Strengths of our analysis include the large sample size (this is the biggest sample to date), the use of time-varying models to prevent immortal-time bias and the high levels of adherence in our population. The main limitation is the limited amount of information available regarding potential confounders including stage and grade of disease, and the absence of information about cancer recurrence. In particular, we were unable to separate high- and low-grade serous cancers so, as the vast majority of serous cancers are high-grade, our results will pertain primarily to this group. In a previous study, we reported that women who used statins were slightly more likely to have high-grade serous cancers, to be overweight or obese and to have other comorbidities [22]. These factors would all tend to increase mortality among statin users, suggesting they cannot explain the inverse associations we have seen. However, statin users were also more likely to use other medications including metformin and aspirin [22] which might also reduce mortality. Another limitation of any observational study is that women who do not have elevated high cholesterol levels rarely use statins so it is not possible to draw any conclusions about the potential effects of statin use in this group.
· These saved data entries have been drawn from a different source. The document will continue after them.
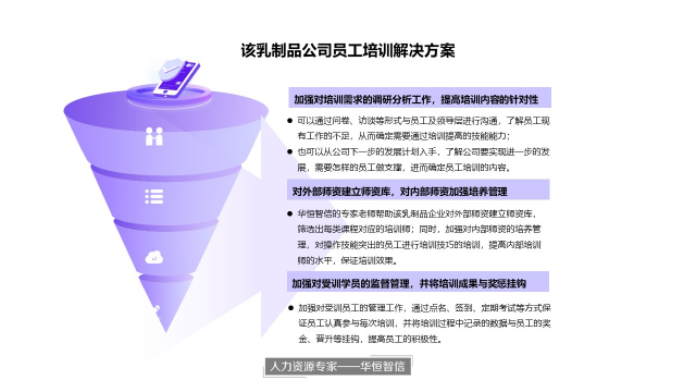 针对该乳制品公司员工培训体系存在的上述问题,华恒智信的专家老师经过商讨认为可以从以下几方面入手:
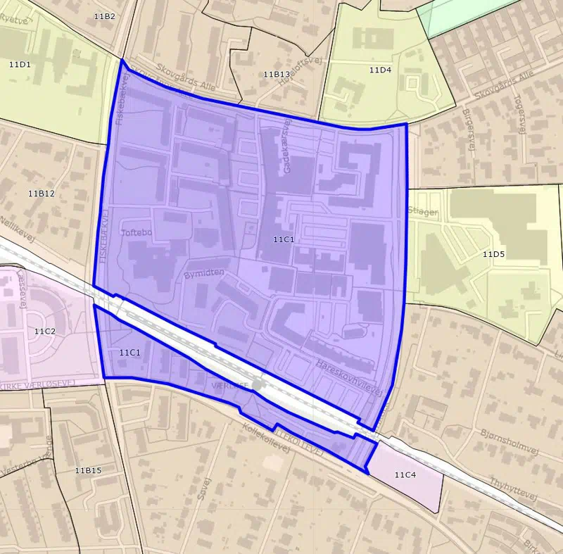 Afgrænsning af kommuneplanramme 11C1 – Værløse Bymidte er vist med blå.
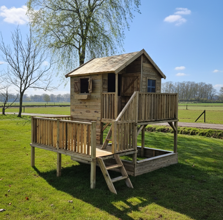 Op zoek naar een veilige, duurzame en gezellige speelplek voor je kinderen? Het Brussel Luxe L is een ruim, verhoogd houten speelhuisje met een balkon, extra zijterras en een zandbak onder het huisje. Hier kunnen kinderen klimmen, spelen en creatief bezig zijn, terwijl jij met een gerust hart toekijkt.
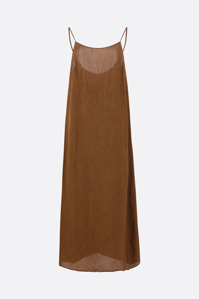 Abito sottoveste di Uma Wang realizzato in viscosa color marrone con effetto stropicciato. Caratterizzato da ampia scollatura, spalline sottili regolabili e fondo dritto.
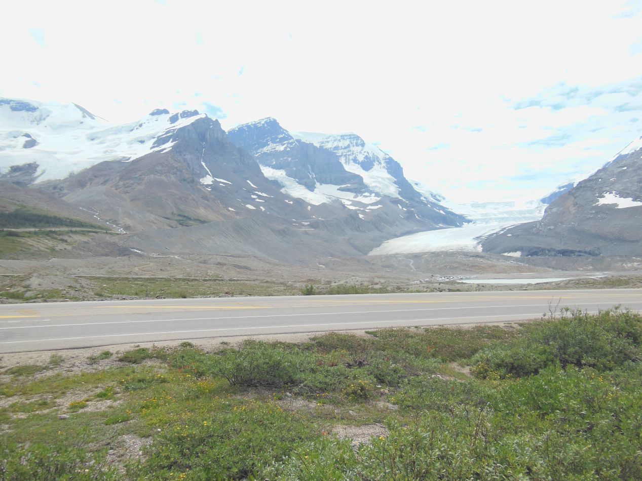 The next major stop took place at the Icefields Center. Located at the foot of the Athabasca Glacier, this is the hub for sightseeing trips that venture out onto the glacier itself. There's also a small museum with information about the history of the glaciers and their retreat over time as the climate has grown warmer. On the topographical map located in the museum, the Icefields Center was situated in the bottom-right hand corner below the Athabasca Glacier. This particular glacier was dwarfed by the much larger Columbia Icefield sitting on top of the mountains, the largest glacier located in the Rocky Mountains. Rivers that originate in the Columbia Icefield drain into the Atlantic Ocean (via Hudson's Bay), the Pacific Ocean, and the Arctic Ocean, making the icefield a triple continental divide. The comparison photographs from 1906 and 2006 were also a sobering reminder of the changing climate in this region. The glacier originally reached all the way down to the Icefields Parkway, but today it was clearly far short of the road.
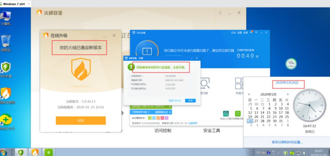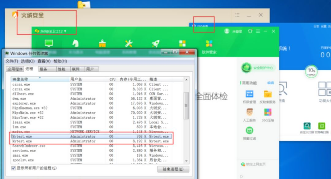 在win7企业版上 360全家桶+火绒全部更新到最新的情况下测试
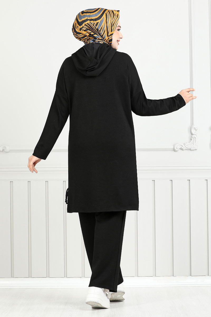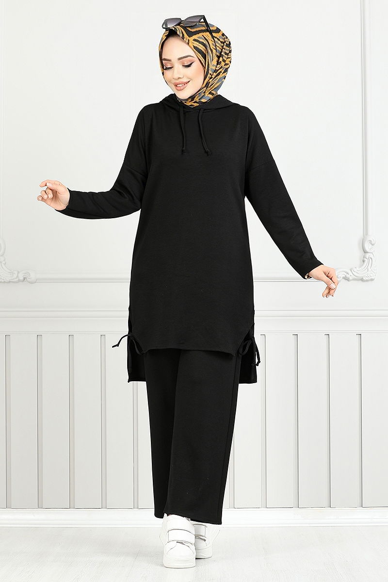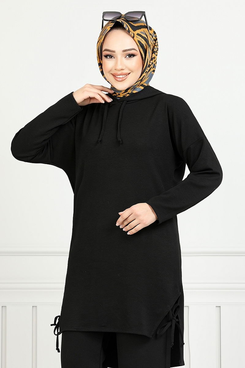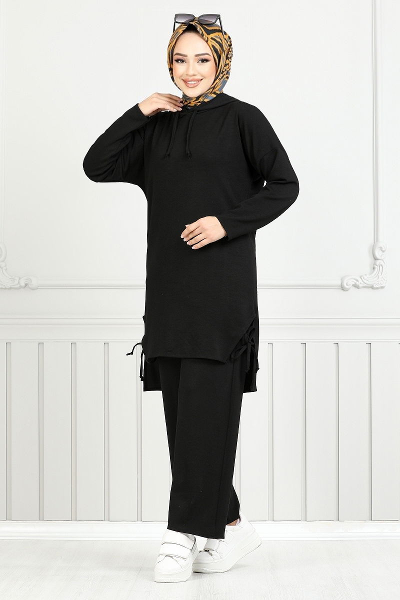 البلوزة مربوطة من الجانب. المنتج لديه ياقة مع قبعة. غير مبطنة. تم خياطة القبعة مع المنتج يحتوي المنتج على جيب. خصر البنطال مرن. قد يكون هناك اختلاف في الدرجة اللونية في المنتج بسبب التقاط الصور الفوتوغرافية.
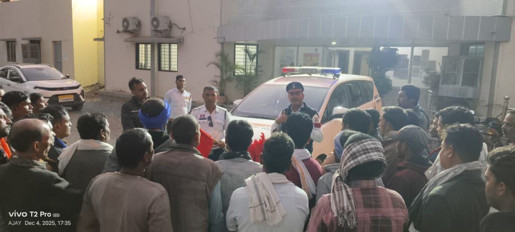 कबीरधाम – पुलिस अधीक्षक धर्मेंद्र सिंह के निर्देशन में यातायात पुलिस टीम ने भोरमदेव शक्कर कारखाना परिसर में विशेष जागरूकता अभियान चलाया गया इस अभियान में किसानों को सड़क सुरक्षा के महत्वपूर्ण बिंदुओं के बारे में जानकारी दी गई और निःशुल्क लाल झंडा, रेडियम स्टिकर और चेतावनी लाइट वितरित की गई। किसानों को गन्ना परिवहन में ओवरलोडिंग न करने, वाहन को नियंत्रित गति में चलाने और रात में अनिवार्य रूप से ट्रॉली के पीछे चेतावनी संकेतों का प्रयोग करने की अपील की गई।

Our results confirm previous observations that women with ovarian cancer who take statins after their diagnosis may have better survival than women who do not use statins. However, it is impossible to rule out all potential sources of bias in observational studies. Particularly important in a population like this, where a high proportion of women are likely to be experiencing side-effects of both treatment and the disease, is the possibility of reverse causation. There are also no data about the potential effects of statins among women who do not have high cholesterol levels. On this basis, we believe it is too early to recommend that all women with ovarian cancer take statins to improve their survival and that definitive evidence about the potential benefits of statins for women with ovarian cancer will require a randomised trial.